This book examines the reputation of the Hungarian composer Béla Bartók (1881-1945) as an antifascist hero and beacon of freedom. Following Bartok's reception in Italy from the early twentieth century, through Mussolini's fascist regime, and into the early Cold War, Palazzetti explores the connexions between music, politics and diplomacy. The wider context of this study also offers glimpses into broader themes such as fascist cultural policies, cultural resistance, and the ambivalent political usage of modernist music.
The book argues that the 'Bartókian Wave' occurring in Italy after the Second World War was the result of the fusion of the Bartók myth as the 'musician of freedom' and the Cold War narrative of an Italian national regeneration. Italian-Hungarian diplomatic cooperation during the interwar period had supported Bartok's success in Italy. But, in spite of their political alliance, the cultural policies by Europe's leading fascist regimes started to diverge over the years: many composers proscribed in Nazi Germany were increasingly performed in fascist Italy. In the early 1940s, the now exiled composer came to represent one of the symbols of the anti-Nazi cultural resistance in Italy and was canonised as 'the musician of freedom'. Exile and death had transformed Bartók into a martyr, just as the Resistenza and the catastrophe of war had redeemed post-war Italy.

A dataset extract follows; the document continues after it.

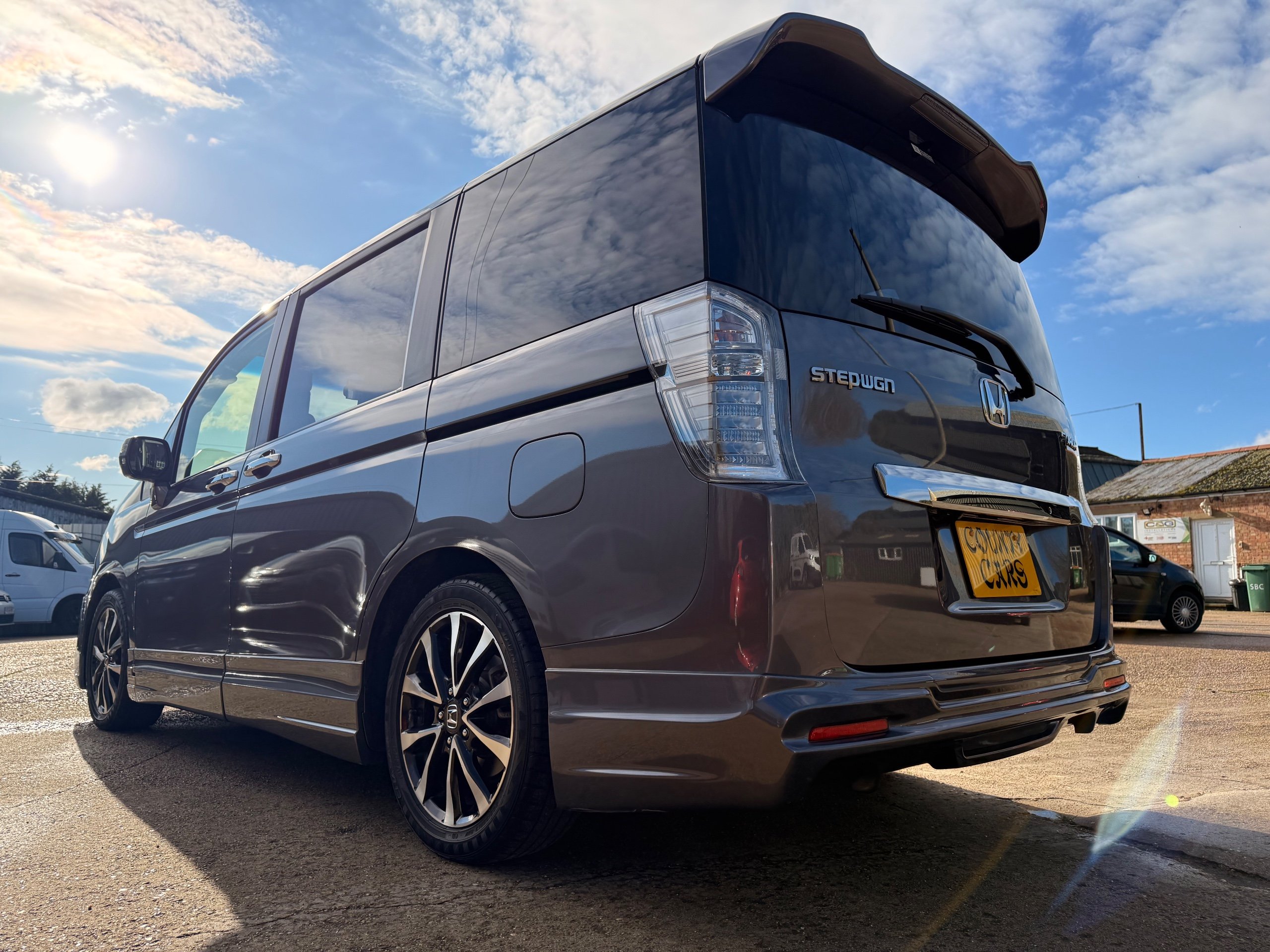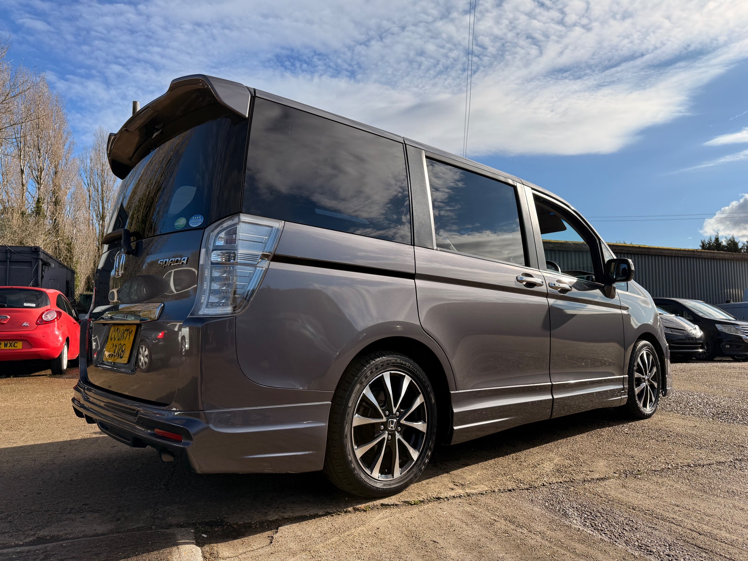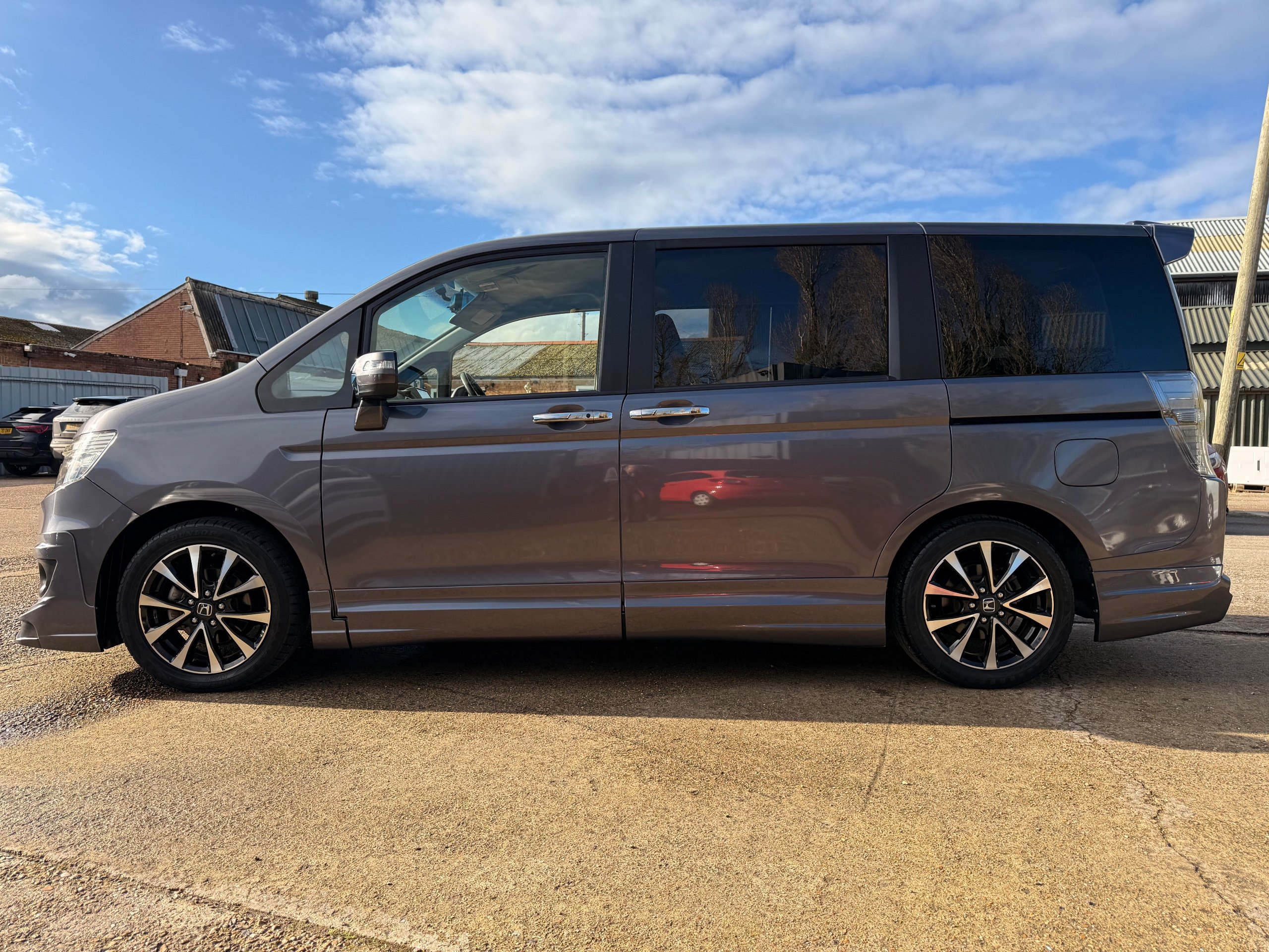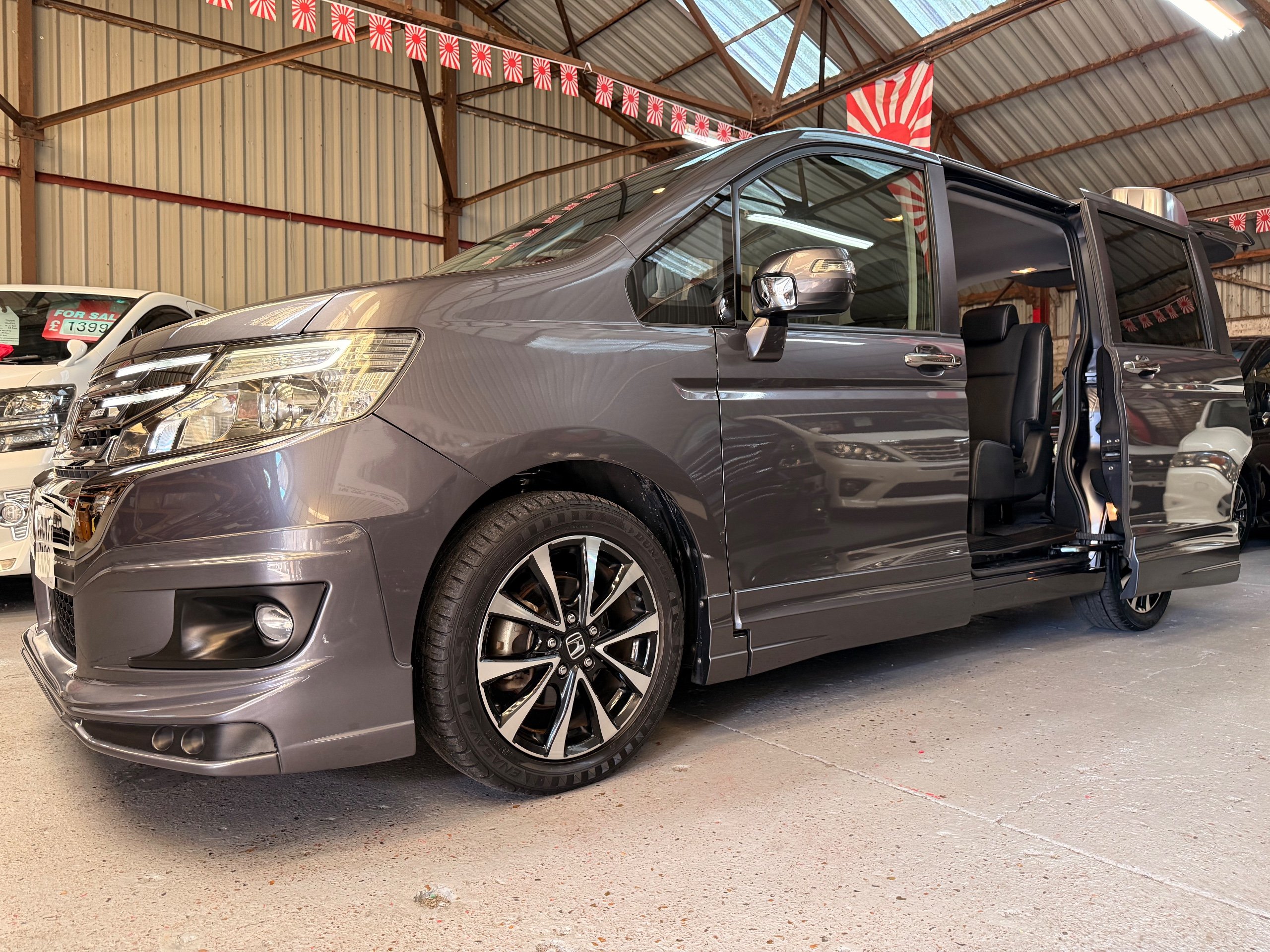 Honda Stepwagon 2.0 Spada Cool-Spirit Mugen Edition, 2014-64-Reg, Finished in unmarked Metallic Grey Paintwork, Full privacy glass, Full Mugen Body-kit, Genuine Mugen Front bumper Side Skirts and Rear Bumper, Front Spots, Rear Spoiler, Genuine 17” Honda Diamond cut with gloss black centres Alloy wheels, Key-Less Entry, 8 Seater, 8 Unblemished half leather seats, The front seats have armrests, Between the front seats is a flip up table with two cup holders, The Middle row of Seats has a centre armrest with twin cup holders, Rear Electric Windows on the sliding doors, The middle row of seats folds forward, The Rear Seats fold backwards to sit facing outside of the car, The Rear Seat also folds into the floor to give way to a huge boot, Carbon Fibre Style Dash-Kit, Air-Con, Climate Control, Twin Electric Soft Closing Sliding Doors, Auto Star/Stop, Traction Control, Cruise Control, ECO Mode, Key-Less Start, UK Speedo, UK Stereo with Apple CarPlay, Fully Serviced, Only covered 40,000 Miles

NICOLÒ PALAZZETTI is a Postdoctoral Research Fellow in Music and Theatre at Sapienza University of Rome. Prior to join Sapienza, Palazzetti worked as a Teaching Fellow at the University of Birmingham, UK and as a Postdoctoral Research Fellow at the University of Strasbourg, France. He obtained his PhD in 2017 at the École des Hautes Études en Sciences Sociales, Paris.